Here is a summary of the new features:

  • The transpiler now maps core Java APIs to JavaScript ones through the use of “built-in macros”. For instance, the java.lang.String and java.lang.Math APIs are directly mapped to JavaScript at compile-time. As a result, you can use Java core API but, under the hood, it is still JavaScript that it used (not an emulation on contrary to most approaches).
  • For other Java APIs (such as java.util and java.io), JSweet rely on the J4TS project, which is a fork of GWT’s JRE emulation.
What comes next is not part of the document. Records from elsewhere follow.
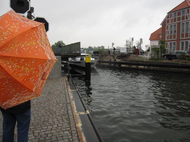 Am Dienstag Morgen machen wir uns auf den Weg nach Warne. Dafür müssen wir in Malchow über die Insel. Heute hält uns aber zunächst einmal die Drehbrücke auf.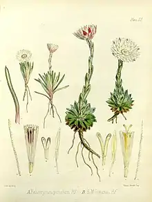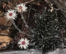 Helichrysum pumilum grows as a low tufted, perennial herb reaching around 10 cm tall. Leaves are linear to spathulate in shape, 15-50mm long and 1-5mm wide with revolute margins. They are grouped in a rosette and arise from the base of the plant. The variety spathulatum has shorter, more spathulate leaves, whilst the leaves of var.pumilum are longer and more linear.[3] Arising from the basally sheathing leaves is an inflorescence containing a white, woolly scape with few leaf-like bracts, 20-100mm long. Forming a rosette around the flower head are elliptic to linear shaped bracts, or phyllaries, resembling the look of ray florets.[4] Outer bracts mostly white in colour but can be streaked with pink, inner bracts are white or pink.[3] The florets are in the form of corolla tubes in the pseudanthium,[3] they are numerous and pink to purple in colour. Flowers in Summer, between December and February.[3]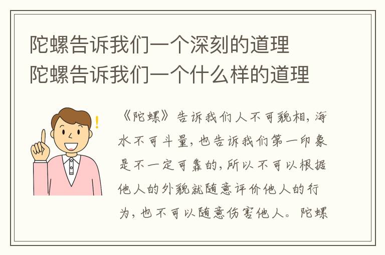 《陀螺》告诉我们人不可貌相,海水不可斗量,也告诉我们第一印象是不一定可靠的,所以不可以根据他人的外貌就随意评价他人的行为,也不可以随意伤害他人。陀螺指的是绕一个支点高速转动的刚体。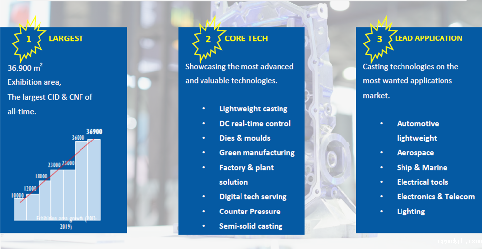1. 36,900 sqm in 3 halls of SNIEC (Hall N1-N3) breaks the new record of the exhibition area of CHINA DIECASTING and CHINA NONFERROUS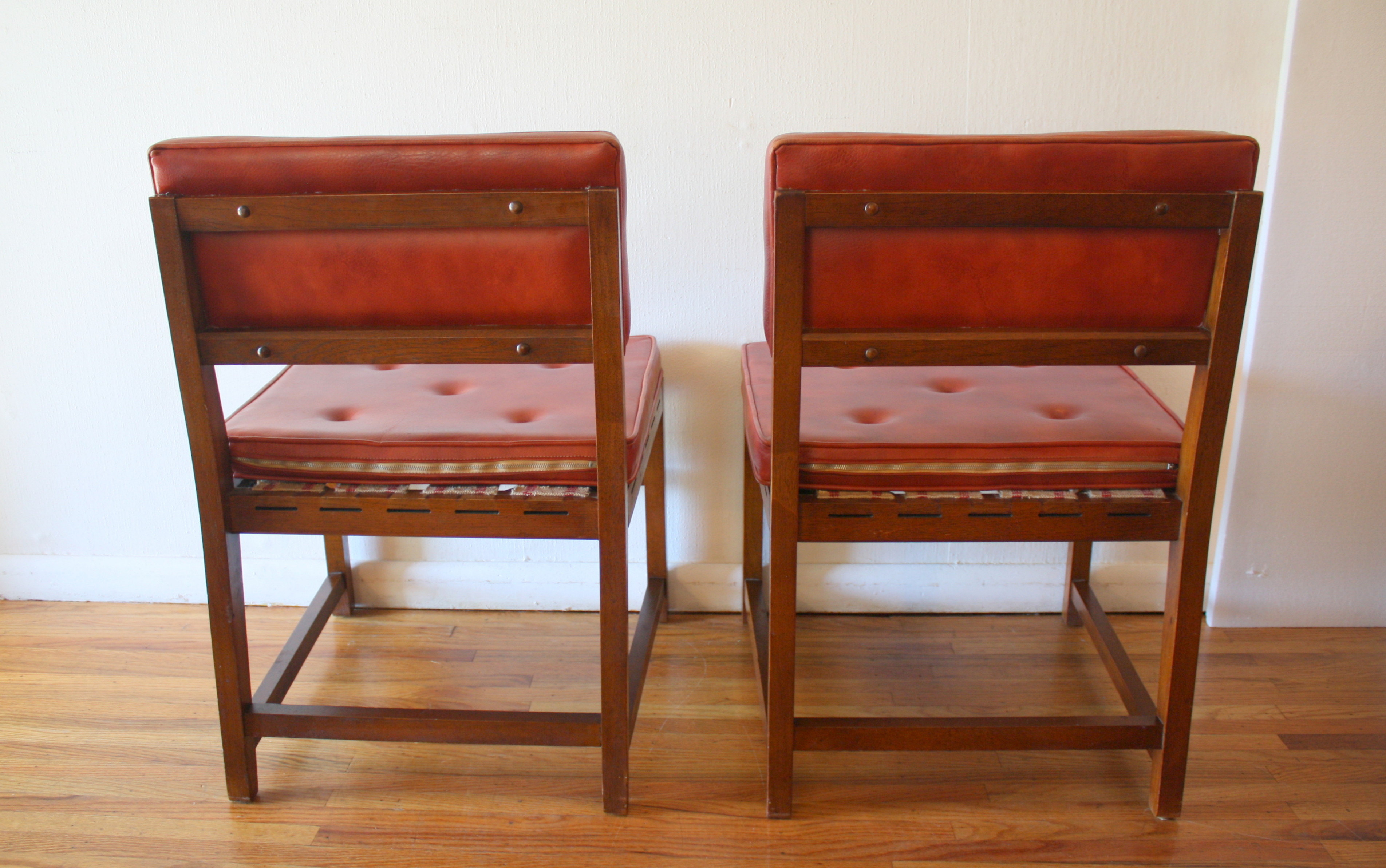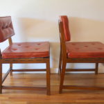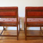 Mid Century Modern Pair of Chairs This is a pair of mid century modern chairs with a solid wood frame, and newly upholstered seats in its original tufted poppy naugahyde. Dimensions: 21.5″ seat width, 19″ seat depth, 18.5″seat height, 32″ back height. *SOLD*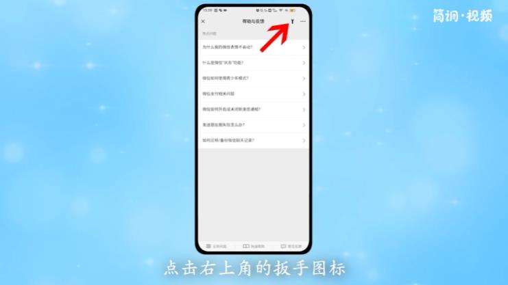 4.进入帮助和反馈页面后,点击右上角的“扳手”图标;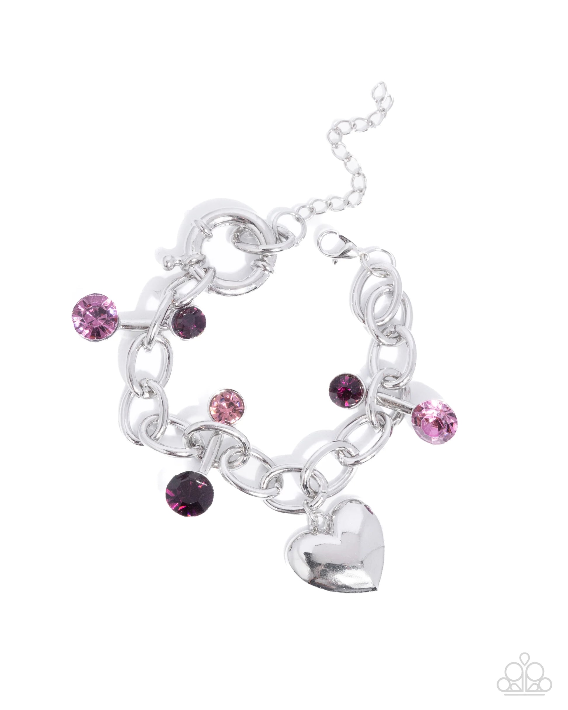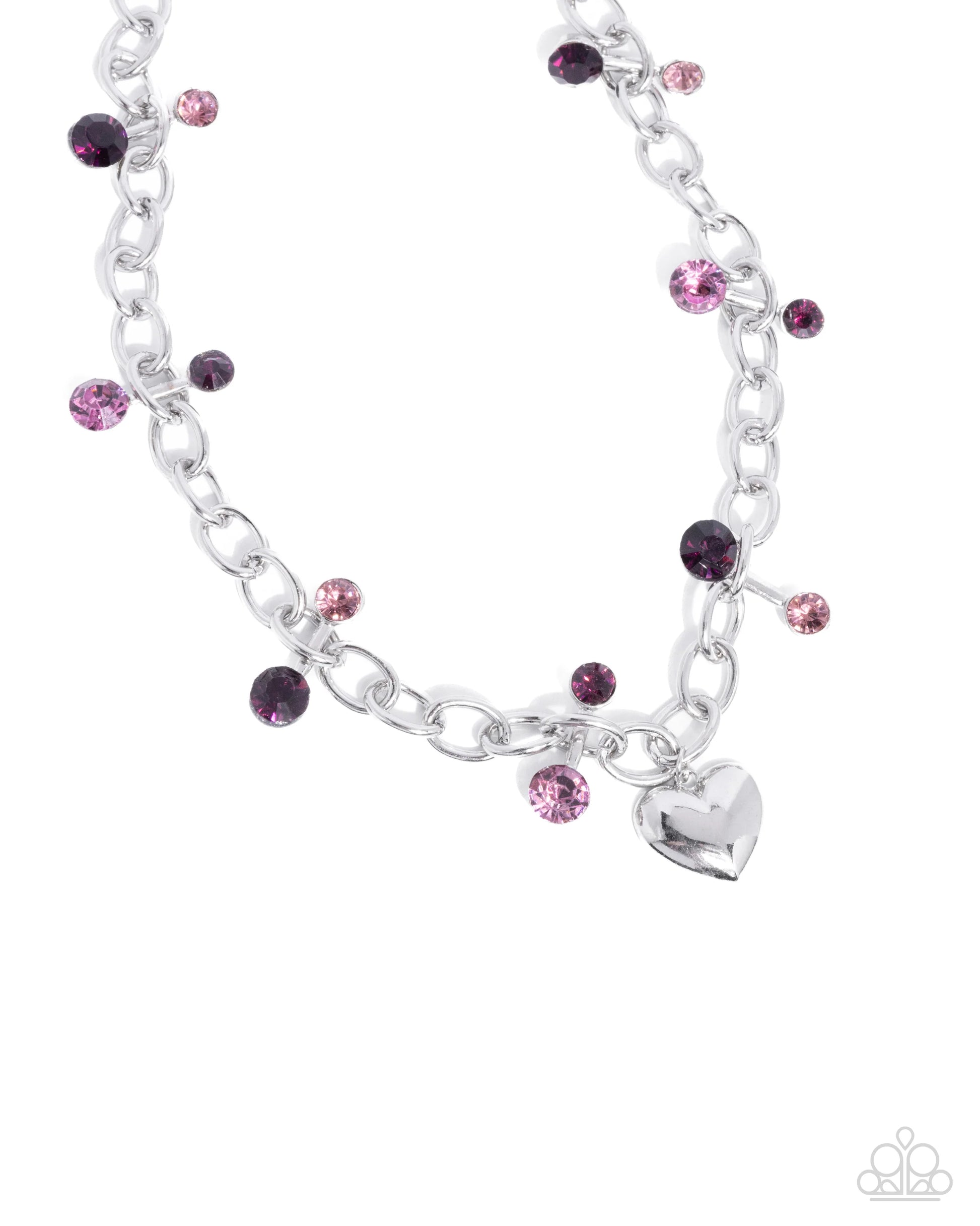 Sporadically threaded through the links of an oversized glistening silver chain, silver bars dotted with haphazardly sized amethyst, and light amethyst rhinestones alternate in direction along the wrist, connecting to an abstract circular fitting. A solitaire silver heart charm swings from the center of the display for a romantic finish. Features an adjustable clasp closure

J4TS removes the Java emulation part from GWT and compiles it with JSweet to generate the j4ts candy, which can be used like any other JavaScript library (except that it provides an implementation of some Java APIs).
  • We significantly enhanced the transpiler to support more Java constructions and got closer to the Java Language Semantics. For instance, JSweet now supports static and non-static inner-classes and anonymous classes, it fully supports methods and constructors overloading, it now supports the instanceof operator for interfaces, and it mimics the JLS for static initializers.
  • Last but not least, JSweet 1.1 comes with a brand new bundling system that allows the programmers to directly generate working bundles for the browser. Under the hood, JSweet performs static dependencies analysis and uses lazy initialization to remove forward dependencies, so that your bundle can be run as is in a browser.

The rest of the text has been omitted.